There are some enthusiasts here who would say that any man who does not work himself into the grave is a traitor to the nation. I do not believe that. I am concerned to secure for our people a good life and concerned that our people will undertake the real purpose and obligation of life, that is, to accept the gifts God gave them and thereafter be too proud to do less than their best. But I reject, consciously and deliberately, the idea that the only purpose for which men and women were put on earth is to expand the gross national produce in terms of some daft economist's conception. That is talk which people may hereafter describe as revolutionary and contrary to the general trend. I make the statement with full deliberation. I welcome the expansion of national wealth but at a prudent and proper cost. I reject categorically the proposition that the whole social background of our society should be ruthlessly torn to pieces for no other purpose than that we should be able to say that the gross national produce has become greater than it was.

I see a horrible danger in a mentality like that of the Minister for Transport and Power that it will become part of the conscious policy of the Department of Lands to sweep the people off the land. The next step we shall have is that from the Shannon west the proper way to handle the land is the way advocated by Lord Lucan, the great exterminator. This is not a new doctrine. Lord Lucan had a plan for the land of Mayo and Donegal and Galway. His plan was to sweep all the people off the land as a preliminary operation, level all the houses and all the walls and then divide the countryside into 500-acre lots.
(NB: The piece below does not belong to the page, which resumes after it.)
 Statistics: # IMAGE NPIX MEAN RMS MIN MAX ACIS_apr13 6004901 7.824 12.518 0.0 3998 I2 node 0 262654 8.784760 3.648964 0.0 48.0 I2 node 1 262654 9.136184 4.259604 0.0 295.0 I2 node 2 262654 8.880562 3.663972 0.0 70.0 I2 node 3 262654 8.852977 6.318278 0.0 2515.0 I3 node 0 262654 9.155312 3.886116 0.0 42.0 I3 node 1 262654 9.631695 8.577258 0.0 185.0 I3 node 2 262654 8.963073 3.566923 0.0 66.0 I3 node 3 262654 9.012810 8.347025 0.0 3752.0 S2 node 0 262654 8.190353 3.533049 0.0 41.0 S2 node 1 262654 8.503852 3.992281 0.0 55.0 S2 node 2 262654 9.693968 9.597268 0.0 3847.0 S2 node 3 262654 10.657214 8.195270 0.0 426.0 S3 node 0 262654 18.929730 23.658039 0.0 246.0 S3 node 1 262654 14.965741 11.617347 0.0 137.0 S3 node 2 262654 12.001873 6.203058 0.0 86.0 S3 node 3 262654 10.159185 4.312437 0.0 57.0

His plan was to bring in Scottish factors and put a Scottish factor in charge of each 500-acre parcel of land and then hire back what he described as the peasants. He said: "Instead of their maintaining the illusion that they have tenant rights or anything like that, I will give them a wage. They will work under a Scottish factor and they will have a larger money income which will be much better for them."
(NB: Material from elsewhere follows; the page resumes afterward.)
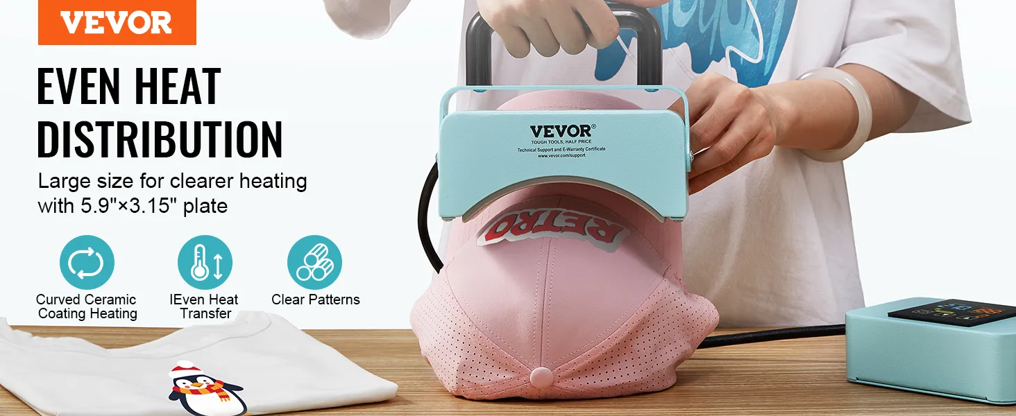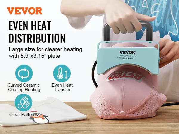 Precision Heat Transfer: This multifunctional portable hat press easily brings your DIY designs to life. With a 5.9" x 3.15" curved ceramic-coated heating element, it conforms to the shape of caps, ensuring even heat distribution and sharp, vivid transfers that expand your creative possibilities.

Thank God, the proposed victims of that reform, which I believe commends itself to the heart of the Minister for Transport and Power, rose up and ran Lord Lucan out of the country. His son came back, a very much chastened man and acknowledged the error of his ways and sought to ingratiate himself with the children of the people his father evicted. He had learned wisdom, to his eternal credit, be it said. Are we drifting into the position of adopting to-day Lord Lucan's methods of land reform which our grandfathers categorically and emphatically rejected? I think there is grave danger we are and it is time somebody said: "Let us come down to tintacks and see what is really in our minds."

My conviction is—and I know whereof I am speaking and I have some experience—that the land of Ireland can give a good living to the people of Ireland who live on it if they are given a chance. I believe it is infinitely better to provide them with credit to remain living on their own holding than to give them credit on condition they abandon their holdings. I specifically join issue with the Taoiseach. I do not want to lend them money for the purpose of abandoning their holdings but I do want to lend them money to expand production on their holdings so that they get a decent living in their own homes and I believe it is perfectly practicable to do it.
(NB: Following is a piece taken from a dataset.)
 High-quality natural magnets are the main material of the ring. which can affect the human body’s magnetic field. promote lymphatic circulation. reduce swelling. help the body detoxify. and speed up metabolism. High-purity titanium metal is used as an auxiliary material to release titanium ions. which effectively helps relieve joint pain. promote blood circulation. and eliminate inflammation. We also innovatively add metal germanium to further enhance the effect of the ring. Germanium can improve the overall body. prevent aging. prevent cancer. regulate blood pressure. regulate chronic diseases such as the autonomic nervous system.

I do not want to lend the money to induce them to build houses in cities or enter into residence in flats. I want them lent the money to build houses on their own holdings where their old houses are not adequate in modern conditions. I think that is practical and desirable and believe that in the long run, whatever the cost may be to provide credit for these things, it will be most abundantly rewarded by an expansion in the gross national product. But it will be an expansion purchased at a proper and reasonable cost, not at the cost of usurping the whole of the society in which we were all born and reared.

As I am saying these things I find myself in the extraordinary position of wondering if I am saying something very crazy in defending the existence of the social pattern in which we were all born and reared; and when I listen to some of the buckos in Brussels, Amsterdam, in Bonn and Paris lecturing me on how we should run this country, I begin to ask myself are we all daft. When I hear some fellow being hawked in from Sweden to survey us all and after three weeks presenting us with a report in the name of OECD or OOOO or some other such body on how Irish society should be organised, and being told we must bow down and accept this again as the gospel because it was written by an international bureaucrat, I begin to ask myself again are we all crazy.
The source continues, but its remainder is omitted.